The Washington Post again leads today in raising national consciousness of sanity. Its editorial, “The Internet at Risk,” addresses the so-called compromise reached last week at the U.N. conference in Tunisia on the Internet. The editorial reminds those who may get lost in theory, or in approval of thrusts against democracy by U.S. adversaries, “In an ideal world, unilateralism should be avoided. But in an imperfect world, unilateral solutions that run efficiently can be better than multilateral ones that don’t.”
The full editorial is one to read and clip for its lucid internment of the contending viewpoints, at least as regards the Internet.

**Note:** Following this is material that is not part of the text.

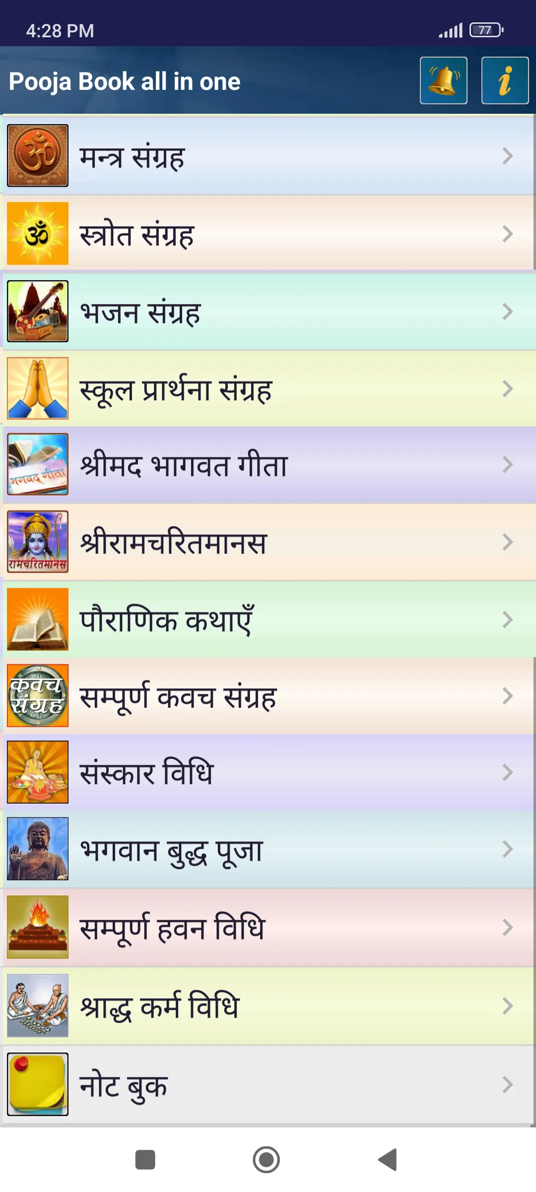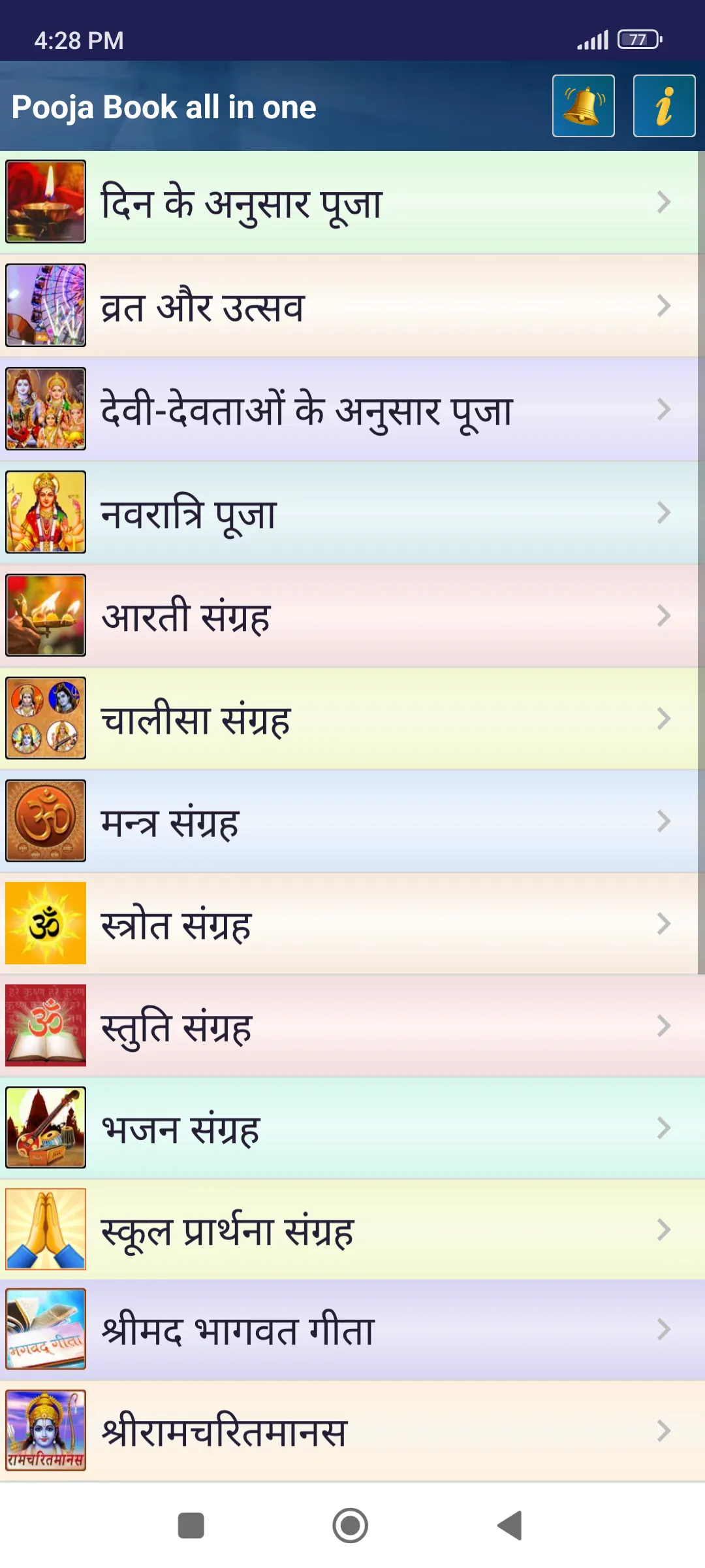 A Free all in one Android App of Hindu Pooja Book in Hindi that includes all collection of Aarti Chalisa Mantra Fasting Vrat katha Hindu Festivals Puja bhagwat geeta ramcharitmanas and more. This is a Complete Pooja Book containing worship methods and stories aarti chalisa and mantra of all hindu Gods and Goddess. This Book also contains prayers for all sanatan festivals and holi occasions. This app also contains all chepters of shrimad bhagwat geeta and all Kaands of shri ram charit manas. To simplify the usability, the contents and topics have been arranged in various categories such as: Pooja According to days...

CNET’s report of the results in Tunis is a useful summary of the doings. Endorsed in the “Net détente” with the U.N. was creation of an Internet Governance Forum, which will begin meeting in 2006, to continue “global discussions” of everything Internet. As CNET reports, this “effectively postpones a long-simmering dispute over the future of Internet management.” U.S. ambassador David Gross put the positive spin on: We have “no concerns that it would morph into something unsavory.” U.N. Secretary-General Kofi Annan put his spin on, more representative of the views of most U.N. members, saying the agreement supports “the need for more international participation in discussions of Internet governance issues.” Aside from the U.N. members wishing greater censorship of views they see as undermining their despotism, the U.N. and some in Europe look at the Internet as a source of tax revenue, even on emails, another way to suppress the free exchange of ideas. The Prime Minister of Mozambique called U.N. control of the Internet “a matter of justice and legitimacy that all people have a say in the way the Internet is governed.”
The Washington Post editorial rejoinder:
“The job of assigning domain names offers huge opportunities for abuse. Whoever controls this function can decide to keep certain types of individuals or organizations offline (dissidents or opposition political groups, for example). Or it can allow them on in exchange for large fees. The striking feature of U.S. oversight of the Internet is that such abuses have not occurred….Indeed, governments’ ample ability to regulate the Internet has already been demonstrated by some of the countries pushing for reform, such as authoritarian China.”
The Washington Post recognizes that the battle over Internet freedom has not been won, just is on intermission, awaiting the mustering of more pressure from those who wish its restriction and, perhaps, a more “multilateralist” administration.
Bob Goodlatte is the Congressman from Virginia who serves as the co-chair of the Congressional Internet Caucus. In the Augusta Free Press newspaper from there that also publishes my column, he points out: “An Internet that is fractured and censored is not one that can support the economic and social uses that consumers and businesses alike have come to expect.” Goodlatte co-sponsored House Congressional Resolution 268 that on November 16 garnered a 423-0 (obviously bipartisan for those who prefer to think all measures Congressional are or need be bitterly partisan) endorsement of the House’s sense that “the administration of the Internet should remain in the U.S. under private control.” It has been forwarded to the Senate Committee on Commerce, Science, and Transportation, whose members hopefully read today’s Washington Post editorial.